Any references you can point us to would be helpful as the patient states he has two sources that are telling him 60 days - one at the national office and one at the local office. HELP!

Julie V.
TJRC
 
There are modifiers for unrelated procedure in the Post-op period.

[FONT=&quot]79 - [/FONT][FONT=&quot]Unrelated Procedure or Service by the Same Physician or Other Qualified Health Care Professional During the Postoperative Period: [/FONT]
 
It sounds to me like there is a misunderstanding here - the 90 day global period only defines the services that are included in a surgical package payment for the procedure - it has nothing to do with what procedures may or may not be covered. Global packages are a payment methodology, not a benefit restriction or a mandate on how to provide care, and I seriously doubt that Medicare would tell a patient that they could not have a necessary procedure done because they are in a global period. And in any case, if the procedure is on an unrelated body part, it is not part of the global package and the biller is giving wrong information by saying that you probably wouldn't be paid because of this - as the previous post states, a modifier 79 would resolve that issue.

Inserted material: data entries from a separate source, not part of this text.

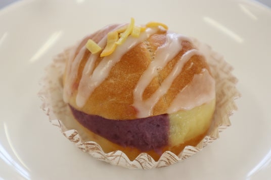 さつまいも酵母で作ったパンに、無農薬で育てたさつまいもと江田島産レモンを使用。パンの上にアイシングとレモンの皮を乗せることで、甘さと酸味を楽しんでもらえます!
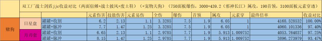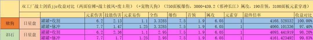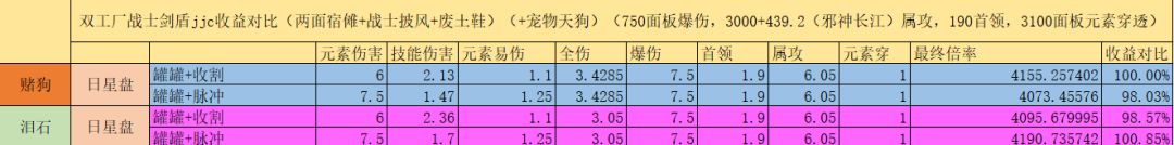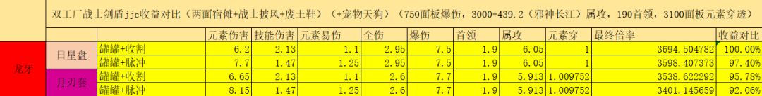 所以,以750面板爆伤,3000面板属攻,3100元素穿的面板为例:选择狼日星盘+机械臂+收割者+龙牙+战士披风+火神,是目前版本剑盾战士打桩伤害最大化的配置。
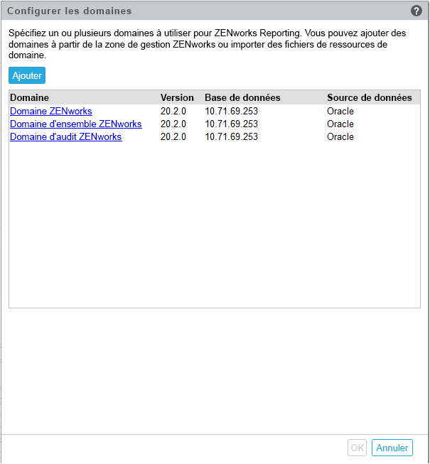 Spécifiez un ou plusieurs domaines que vous souhaitez utiliser pour ZENworks Reporting. Vous pouvez ajouter des domaines à partir de la zone de gestion ZENworks ou importer des fichiers de ressources de domaine.
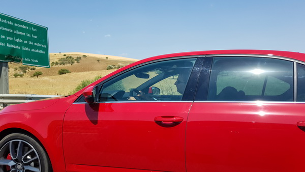 Еще один длинный перегон в Таормину, во время которого я потестировал очень продвинутую систему круиз-контроля и всяких средств безопасности: следование за ведущим, удерживание в полосе, предупреждение о выходе из полосы, датчик слепой зоны (просто-таки необходимая штука, я себе эту опцию, разумеется, брал, она меня уже раза два спасла от возможных столкновений при нахождении боковых машин в мертвой зоне).
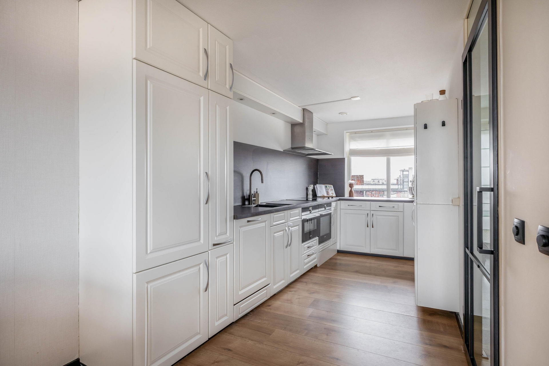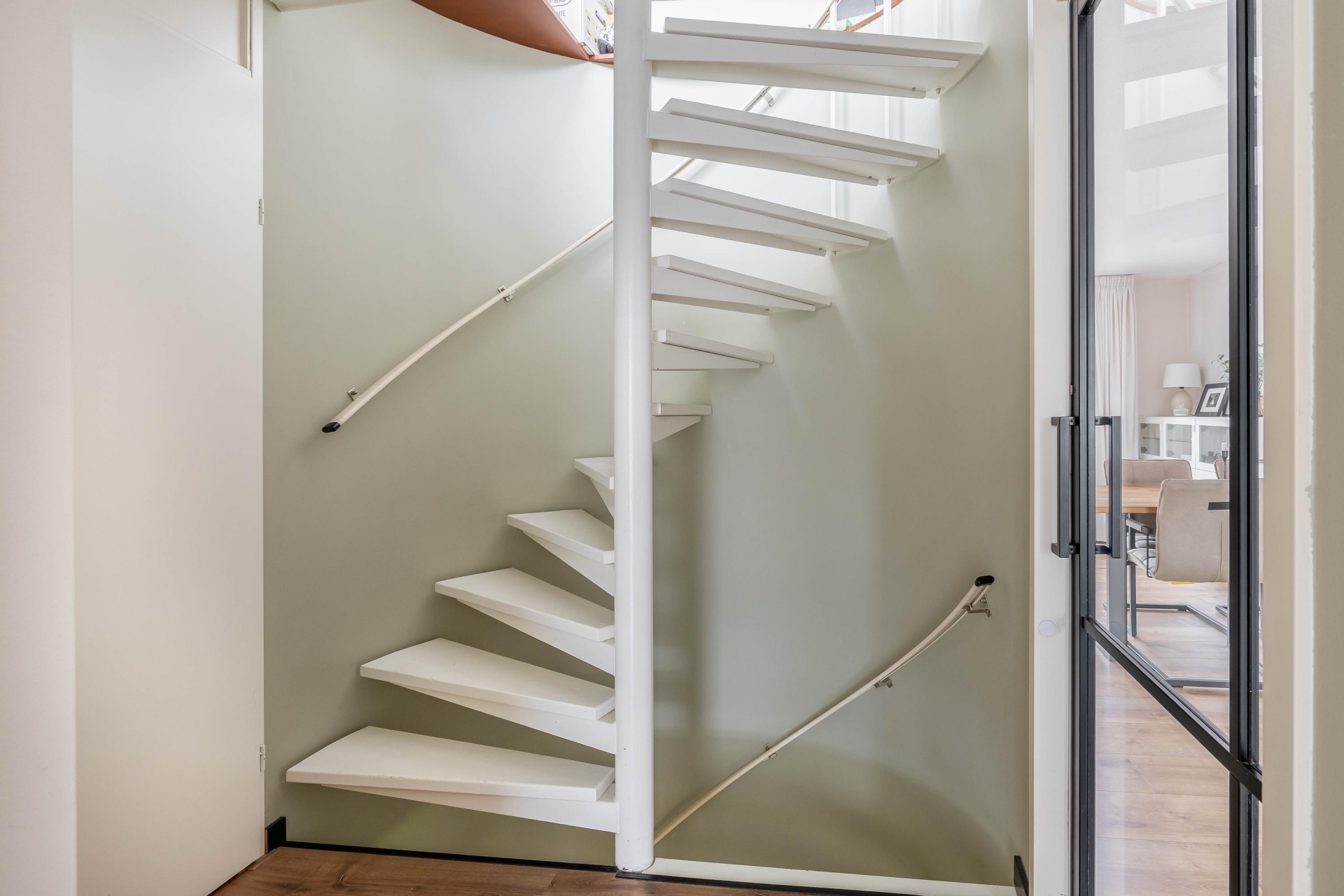 De keuken is uitgevoerd in een klassieke stijl met witte fronten en donker werkblad en is van alle gemakken voorzien. Dankzij het slimme ontwerp heb je hier veel werk- en opbergruimte. Vanuit de entree van de woning loop je via een trap door naar het ruime dakterras. Dit zonnige terras biedt de hele dag zon en is groot genoeg voor een loungeset – een heerlijke plek om buiten te eten of gewoon te genieten van de rust.
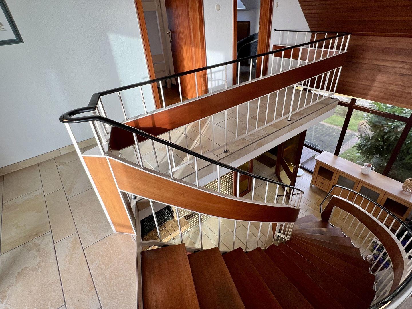 - Empfangsbereich mit Sitzecke, Kamin und Ausgang zur Terrasse und Garten, Treppe in den oberen Bereich
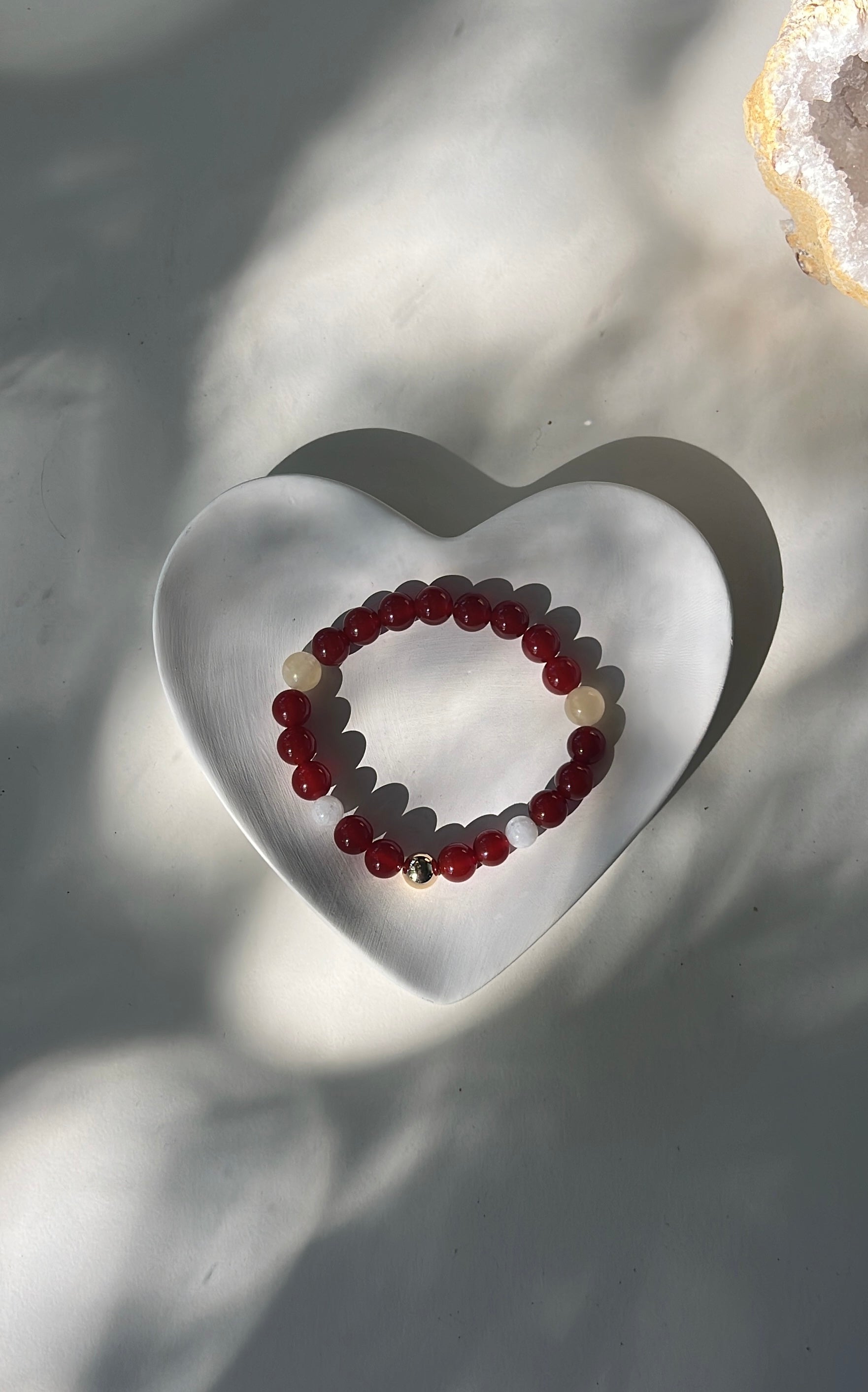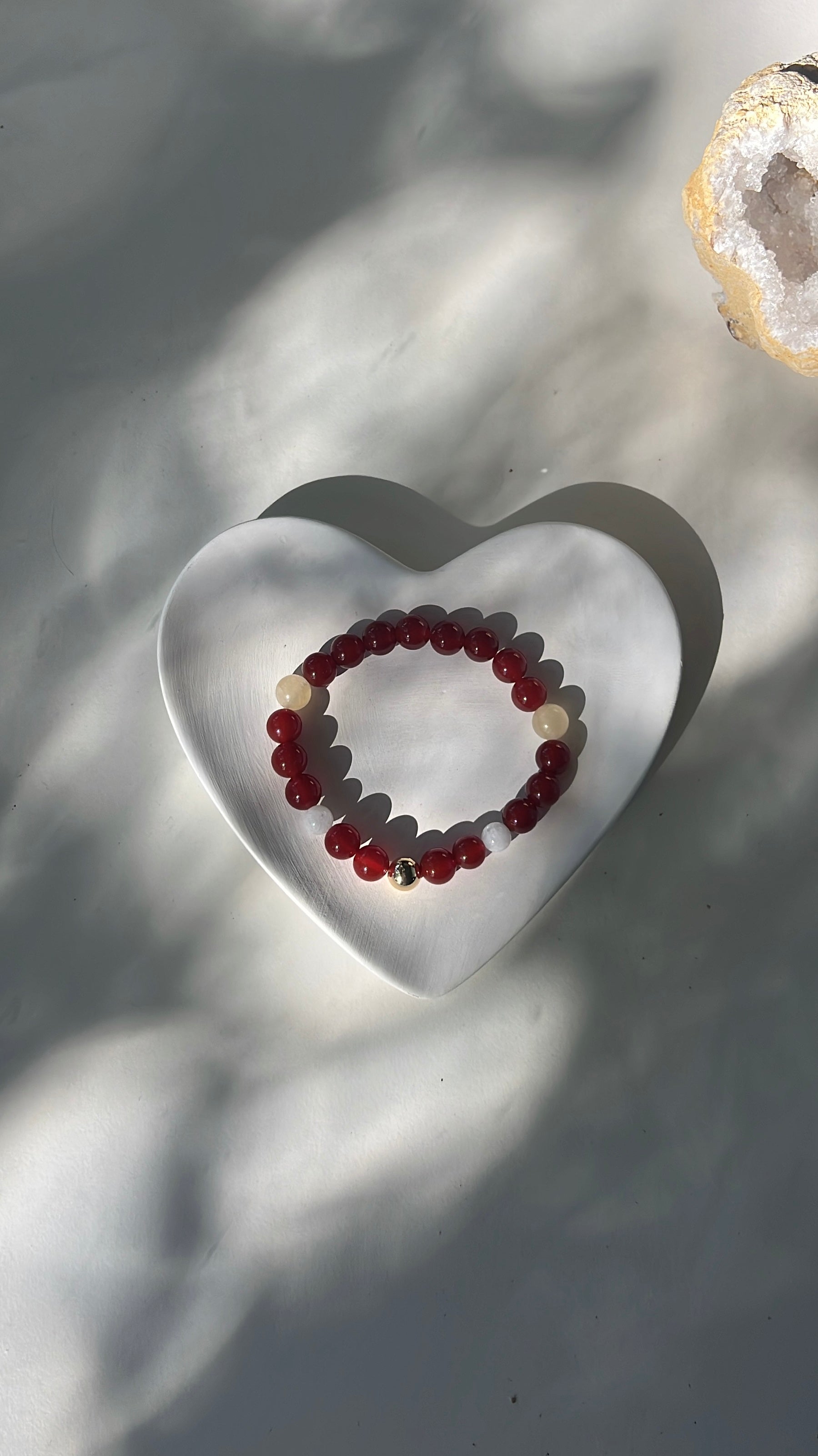 Carnelian inspires vitality, motivation, and grounding, enhancing confidence and passion for life. Citrine promotes positivity, self-belief, and abundance, offering clarity and a sense of purpose. Moonstone deepens intuition and emotional balance, celebrating feminine wisdom and new beginnings.
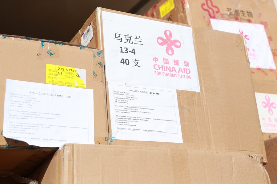 Photo taken on April 1, 2020 shows humanitarian aid from China at the Boryspil International Airport in Kiev, Ukraine. (Xinhua/Li Dongxu)

The mention of a 60 day period makes me think that this is one of two things - when a patient is admitted to a hospital, they begin a 60-day benefit period under Part A and any readmission would be included in that same benefit period and there would not be a new deductible; after 60 days, the benefit resets again - they could be referring to this. The other possibility is that if the facility and/or your physician are participating in the new bundled payment or comprehensive care payment models (BPCI or CJR), they could be telling the patient that they are still in a 60-day period for that program. I'm not very familiar with how those models work, but there may be regulations about getting a second joint replacement during that same period.

Either way, I think both the patient and the biller may be misunderstanding what Medicare is telling them, and I'd recommend arranging a 3-way call with Medicare, the patient and someone from your office to get clarification on exactly what information is being communicated to this patient.